Indah pun menggarisbawahi ketentuan UMP ini hanya berlaku bagi pekerja dengan masa jabatan di bawah satu tahun, sehingga kenaikannya sangat tipis. Dia menyebutkan dari sekitar 50 juta total pekerja formal, sekitar 3,8 persen atau 1,9 juta di antaranya merupakan pekerja dengan masa kerja di bawah 1 tahun yang berhak mendapatkan gaji sebesar UMP.
Menurut Indah, setiap kepala daerah memiliki alasan masing-masing dalam menetapkan UMP tersebut. Namun, ia menekankan tujuan penetapan UMP hanya untuk menjaga supaya para pekerja dengan masa kerja di bawah satu tahun tidak terjebak dalam kemiskinan karena dibayar upah murah.
Sedangkan kenaikan upah bagi pekerja yang masa kerjanya sudah di atas 1 tahun, ujarnya, harus ditetapkan sesuai dengan hasil kerja, produktivitas, dan kemampuan perusahaan. Dengan demikian, menurut dia, kenaikan upah pada pekerja dengan masa kerja di atas satu tahun akan lebih signifikan.
Tetapi, ia mengatakan pemerintah tak mengatur atau tidak memiliki regulasi dalam penetapan upah bagi pekerja dengan masa kerja di atas 1 tahun. Keputusan ini, ucap Indah, dirundingkan secara tripatrit yakni bersama pihak perusahaan dan setrikat pekerja atau buruh.
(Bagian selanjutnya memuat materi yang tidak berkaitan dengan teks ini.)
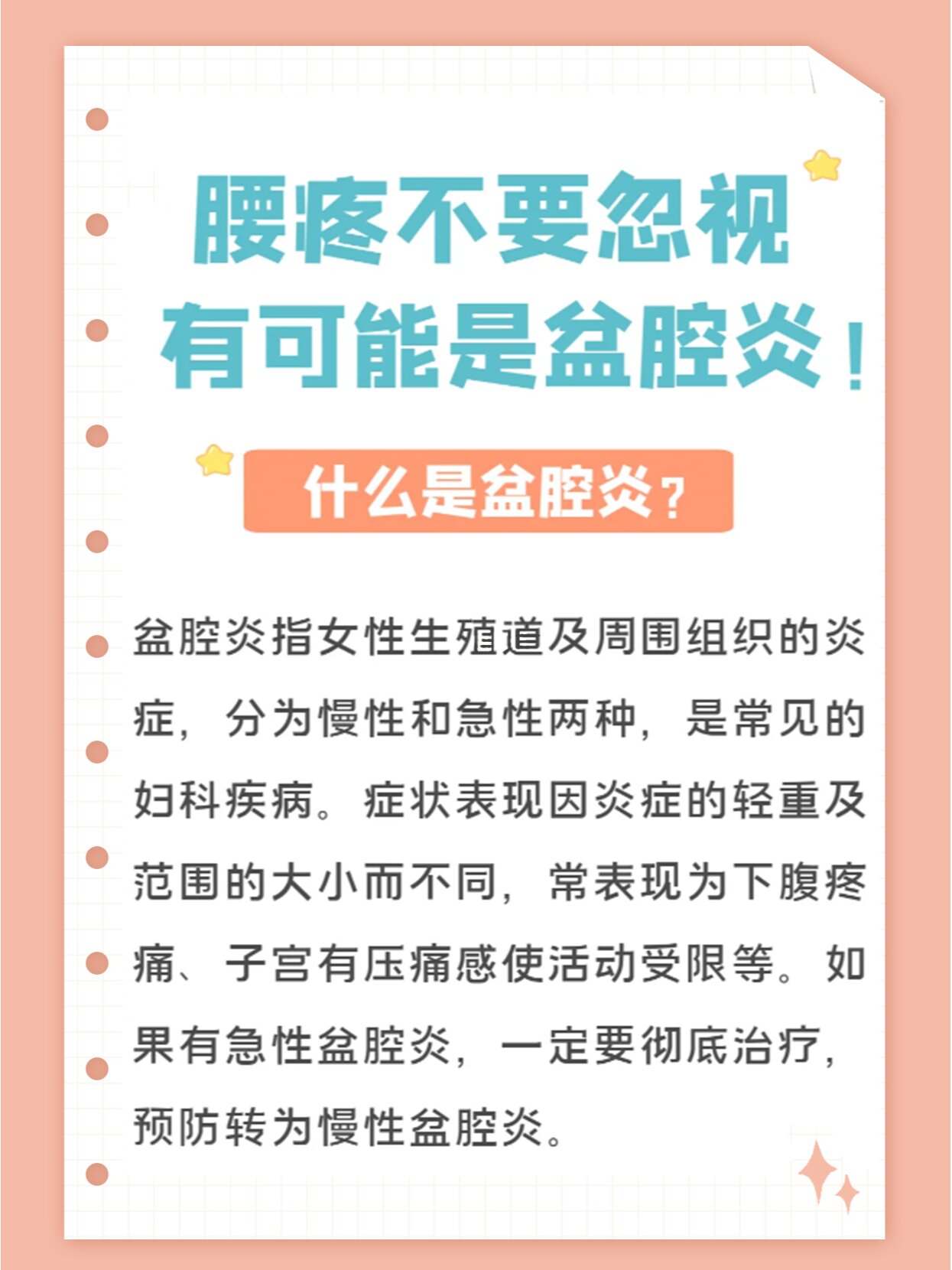 盆腔炎是一种常见的妇科疾病,患者常会表现出下腹疼痛白带增多月经不调等症状淮北妇科医院的专家指出,盆腔炎不仅会导致腰痛,如果女性经常感到腰疼,这可能提示她患上了盆腔炎因此,女性应该提高警惕,注意预防盆腔炎引起腰痛的原因多种多样,对于女性来说,多种妇科疾病都有可能引发腰痛,其中最。
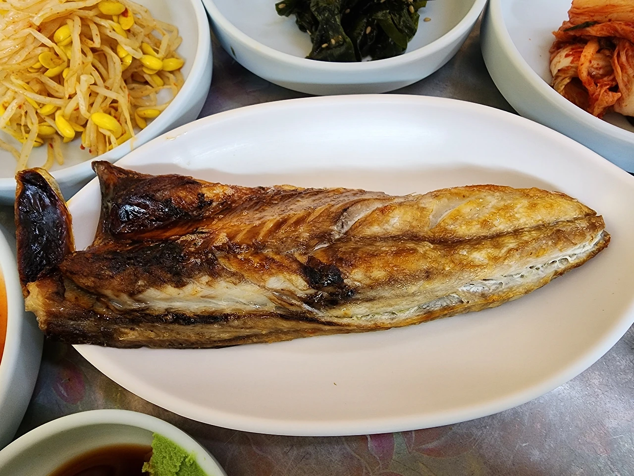 하지만 그저 청국장에 빠져있을 수만은 없다, 바삭바삭하고 노릇노릇하게 구워진 고등어구이에 젓가락을 가져가본다.

Kendati demikian, formula yang ditetapkan pemerintah dinilai dapat membuat upah riil menurun. Direktur Institut for Demographic and Poverty Studies Yusuf Wibisono menilai bilangan alfa seharusnya bisa semakin tinggi jika suatu industri bersifat padat karya. Tetapi, kenaikannya rendah karena terhambat pada patokan rentang alfa 0,1-0,3 yang ditetapkan pemerintah.
Walhasil, menurutnya, kenaikan UMP akan selalu konservatif. Ia berpendapat, seharusnya rentang alfa yang adil bagi pekerja dan dunia usaha adalah 0,4-0,7.